"But, you foolish person," she expostulated, "Lady Letitia enjoys all the advantages to which her station entitles her. Your daughter, with a mind and intelligence very much superior to her position, was employed in the miserable drudgery of teaching village children."
"Honest work," he replied, "hurts no one, unless they are full of sickly fancies. It's idleness that brings sin. They tell me you've new creeds amongst those in your walk of life, and a new manner of living. Live as you will, then, but let others do the same. I stand by the Book, and maybe, when your last days come, you will be sorry you cast it aside."
"So far as I remember," she reminded him, "the chief teaching of that Book is forgiveness."
"Your memory fails you, then," he answered grimly, "for what the Book preaches is justice to poor and rich alike."
The Duchess sighed. She was a good-hearted woman and full of confidence, but she recognised her limitations.
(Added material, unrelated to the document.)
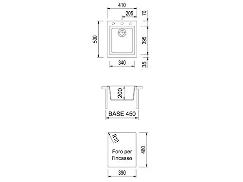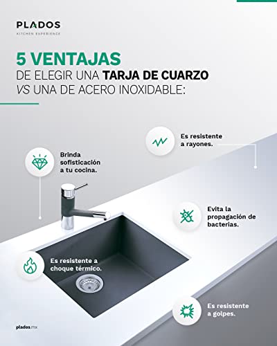Lavello in quarzo da cucina incasso PLADOS ON4110 vasca singola 41cm - Nero metal

"My good man," she said, "I shall not argue with you any more. You won't believe it, but you are simply narrow and pig-headed and obstinate, and you won't believe that there may be a grain of reason in anybody else's point of view but your own. Just look at yourself! You can't be more than sixty-five or so, and you might be a hundred! You sit there nursing your grievance and thinking about it, while your whole life is running to seed. Why don't you get up and be a human being? Send for your daughter to come down and look after you—she'd come—and choke it all down. Put the Book away for a time, or read a little more of the New Testament and a little less of the Old. Come, will you be sensible, and I'll come in and shake hands with you, and we'll write your daughter together."
Vont was still leaning on his stick. Save that his eyebrows were drawn a little closer together, his expression was unchanged. Yet his visitor, though the sunshine was all around them, shivered.
"Did he send you here?"
"Of course not," she replied. "I came of my own accord. I remembered the days when you used to take me rabbiting and let me shoot a pheasant if there was no one about. You were a sensible, well-balanced man then. I came, hoping to find that there was a little of the old Richard Vont left in you."
"There is just enough of the old Richard Vont left," he said, "to send you back to where you came from, with a message, if you care to carry it. Tell him—your brother, the Lord of Mandeleys—that I am not sitting here of idle purpose, that I don't hear the voices around me for nothing, that I don't look day and night at Mandeleys for nothing. Tell him to make the most of the sun that shines to-day and the soft bed he lies on to-night and the woman he kisses to-morrow, for he is very close to the end. I am an old man, but I'm here to see the end. It has been promised."